What is required: Return the line containing "Рис. 4. Территория Беларуси в 1920-х гг." together with every later line up to the end of the records, exactly and with no pictures; return nothing else.

[[ Input material open ]]

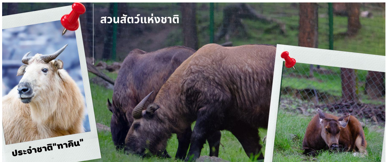
ประจำชาติ"ทาคิน"

เที่ยง รับประทานอาหารเที่ยง ณ ภัตตาคาร (มือที่ 7) นำท่านชม สวนสัตว์แห่งชาติของประเทศภูฏาน และชมสัตว์ประจำชาติ ทาคิน ที่มีรูปร่างลักษณะพิเศษผสมระหว่างแพะกับวัว มีแห่งเดียวในประเทศภูฏานเท่านั้น ซึ่งครั้งหนึ่งประเทศสหรัฐอเมริกาเคยเจรจาของไปเลี้ยงแต่ได้รับการปฏิเสธจากรัฐบาลประเทศภูฏาน ทาคิน เป็นสัตว์ในตำนานประวัติศาสตร์ของศาสนาพุทธ โดยเชื่อว่าท่านลามะ Drukpa Kunley เป็นผู้สร้างขึ้นจากกระดูกของแพะและวัวที่ท่านได้ทานเป็นอาหาร กองกระดูกก็กลับมามีชีวิตอีกครั้งกลายเป็น ตัวทาคิน ที่มีลักษณะคล้ายกับแพะและวัวผสมกัน
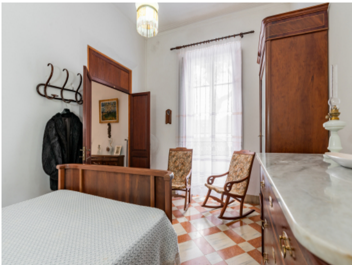
Schlafzimmer im Erdgeschoss
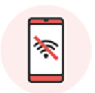
ネットワーク利用制限が かかっている
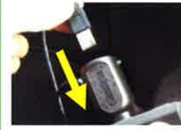
フロントガラスに 貼付け時
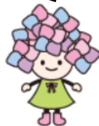
開成町公式マスコットキャラクター あじさいちゃん
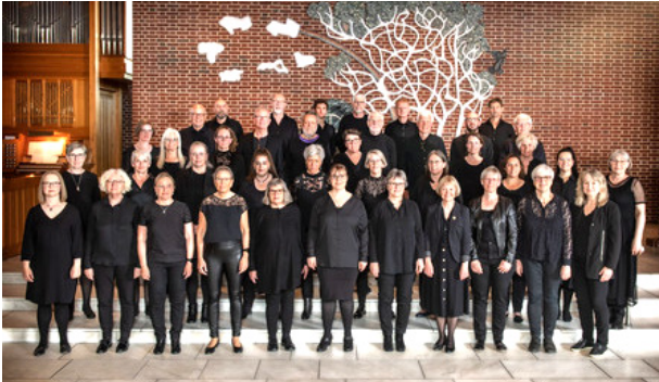
Esbjerg Koncertkor.
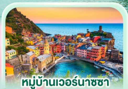
หมู่บ้านเวอร์นาซซา
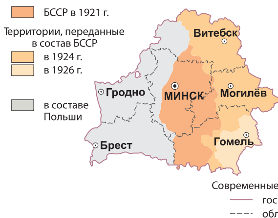
Рис. 4. Территория Беларуси в 1920-х гг.

В 1945 г. 18 районов Белостокской и Брестской областей были переданы Польше (рис. 5). Последнее уточнение границ между Смоленской и Могилёвской областями произошло в 1964 г., после чего государственные границы Беларуси не изменялись.
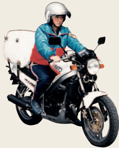
1986年から使用した「ビジネス時間便」オートバイ
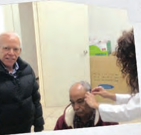
Llevando servicios a la comunidad
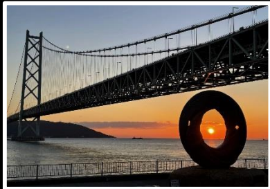
円空から未来へ 撮影地 神戸市垂水区
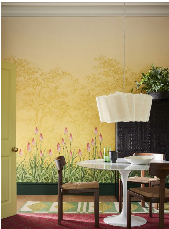
11. Upper Brook Street – Soleil. Puck™ 298. Pale Lime™ 70. Silent White™ 329.

[[ Input material closed ]]

Task solution:
Рис. 4. Территория Беларуси в 1920-х гг.

В 1945 г. 18 районов Белостокской и Брестской областей были переданы Польше (рис. 5). Последнее уточнение границ между Смоленской и Могилёвской областями произошло в 1964 г., после чего государственные границы Беларуси не изменялись.
1986年から使用した「ビジネス時間便」オートバイ
Llevando servicios a la comunidad
円空から未来へ 撮影地 神戸市垂水区
11. Upper Brook Street – Soleil. Puck™ 298. Pale Lime™ 70. Silent White™ 329.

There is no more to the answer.